— Task directions —
A letter-for-letter copy of the listing is required, with no pictures in it.

─── Data extract ───

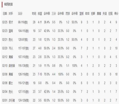 整個(gè)二月份里薩謝出戰(zhàn)了10場(chǎng)比賽,只有兩場(chǎng)比賽拿上雙的數(shù)據(jù),還有一場(chǎng)拿0分,里薩謝場(chǎng)均只有7.1分,命中率也只有36.3%,里薩謝這位2024年的狀元郎進(jìn)步實(shí)在是太小。
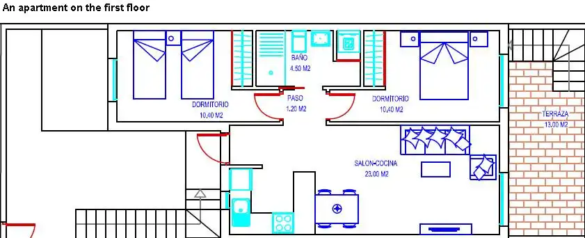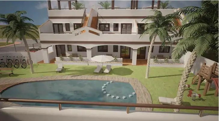 Apartament znajduje się w małym, cichym kompleksie ze wspólnym basenem, częścią rekreacyjną dla dzieci oraz ogrodem tropikalnym. W apartamencie znajdują się dwie sypialnie, łazienka, salon z jadalnią oraz kuchnia w stylu amerykańskim. Dodatkowo znajduje się taras oraz solarium na dachu. Baseny termalne znajdujące się w Mar Menor (Mniejsze Morze) to popularne centra uzdrowiskowe (SPA), które oferują zarówno zabiegi lecznicze, jak i odnowę biologiczną. Jest to idealne miejsce zarówno na odpoczynek jak i na poprawę korzyści zdrowotnych. Do ceny należy doliczyć 4% VAT.
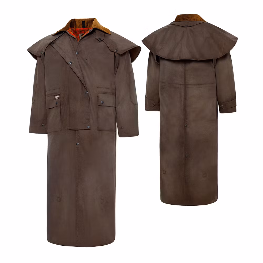 This durable western duster is made of sturdy, water resistant, 100 % cotton oil cloth and lined with warm red flannel.
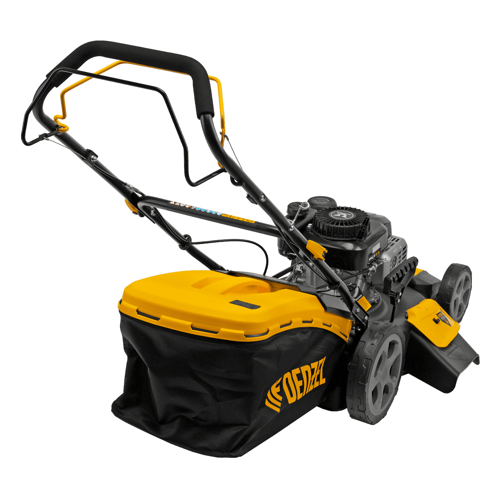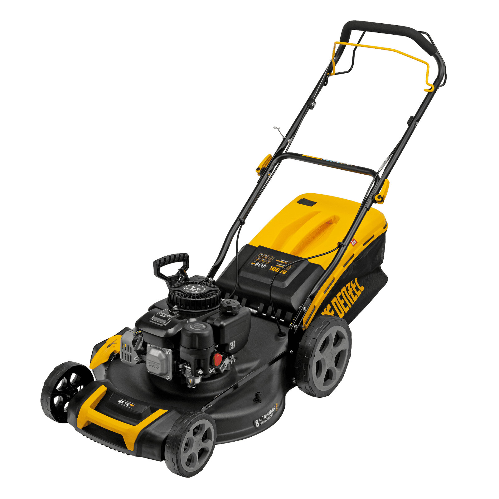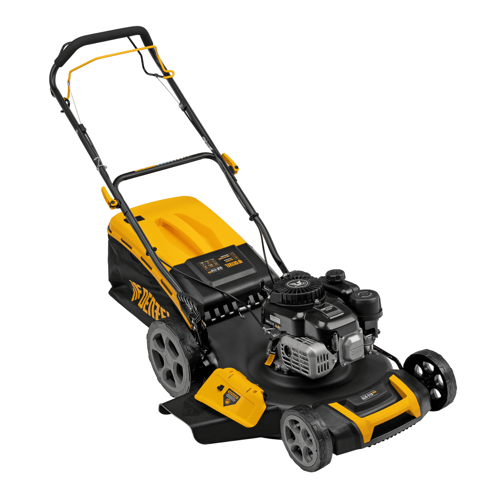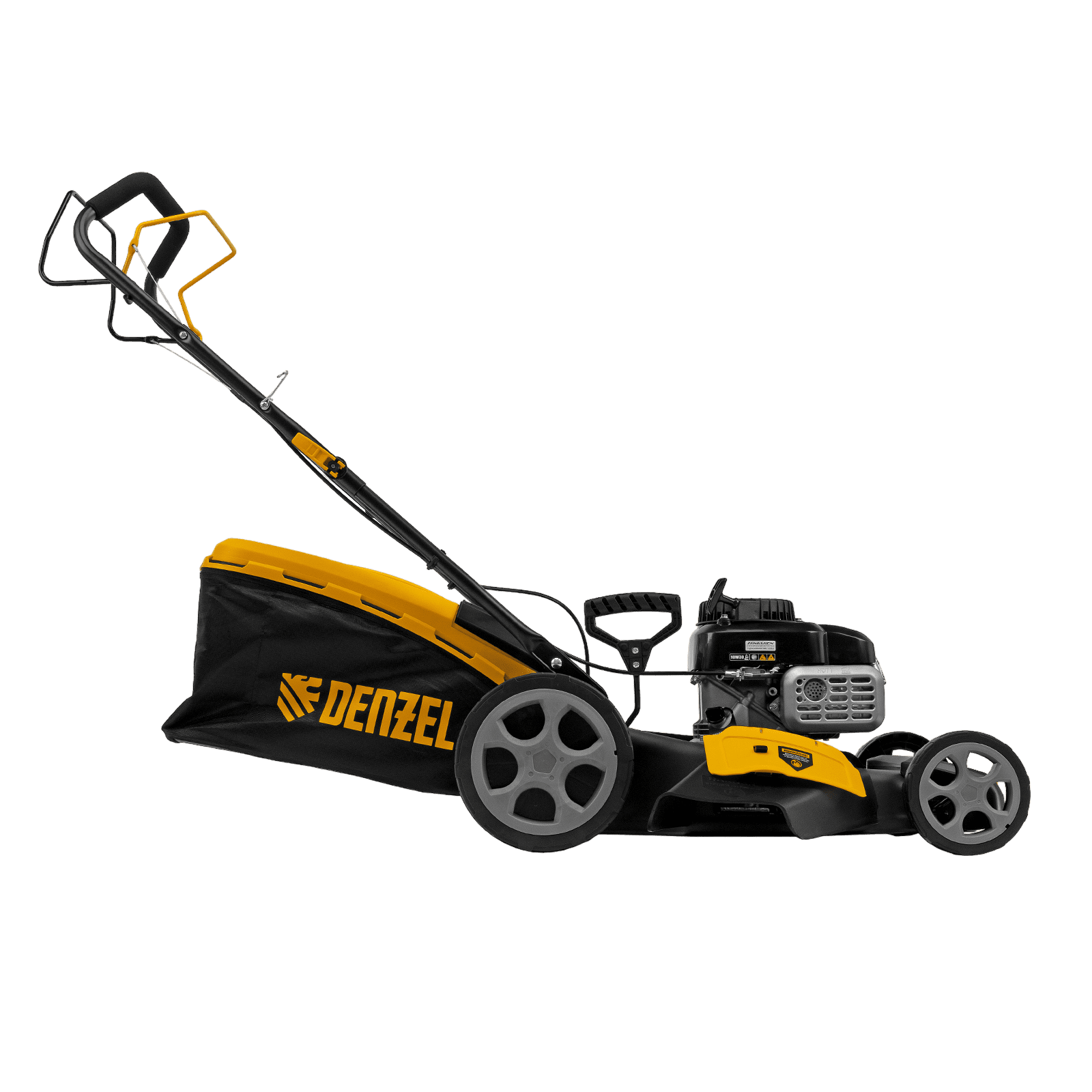Бензиновая газонокосилка Denzel GLR-510SP-ZS 58825 с приводом на колеса и травосборником вместимостью 65 л, с надежным и экономичным 4-тактным двигателем объемом 171 см3, обеспечивает ширину прохода 51 см. Предназначена для стрижки газонов и скашивания травы в саду, будет полезна для ухода за дачным участком или придомовой территорией большой площади. Высота скашивания легко регулируется одним рычагом в диапазоне 25-70 мм (предусмотрено 8 уровней).

───

— Completed exercise —
 整個(gè)二月份里薩謝出戰(zhàn)了10場(chǎng)比賽,只有兩場(chǎng)比賽拿上雙的數(shù)據(jù),還有一場(chǎng)拿0分,里薩謝場(chǎng)均只有7.1分,命中率也只有36.3%,里薩謝這位2024年的狀元郎進(jìn)步實(shí)在是太小。
 Apartament znajduje się w małym, cichym kompleksie ze wspólnym basenem, częścią rekreacyjną dla dzieci oraz ogrodem tropikalnym. W apartamencie znajdują się dwie sypialnie, łazienka, salon z jadalnią oraz kuchnia w stylu amerykańskim. Dodatkowo znajduje się taras oraz solarium na dachu. Baseny termalne znajdujące się w Mar Menor (Mniejsze Morze) to popularne centra uzdrowiskowe (SPA), które oferują zarówno zabiegi lecznicze, jak i odnowę biologiczną. Jest to idealne miejsce zarówno na odpoczynek jak i na poprawę korzyści zdrowotnych. Do ceny należy doliczyć 4% VAT.
 This durable western duster is made of sturdy, water resistant, 100 % cotton oil cloth and lined with warm red flannel.
Бензиновая газонокосилка Denzel GLR-510SP-ZS 58825 с приводом на колеса и травосборником вместимостью 65 л, с надежным и экономичным 4-тактным двигателем объемом 171 см3, обеспечивает ширину прохода 51 см. Предназначена для стрижки газонов и скашивания травы в саду, будет полезна для ухода за дачным участком или придомовой территорией большой площади. Высота скашивания легко регулируется одним рычагом в диапазоне 25-70 мм (предусмотрено 8 уровней).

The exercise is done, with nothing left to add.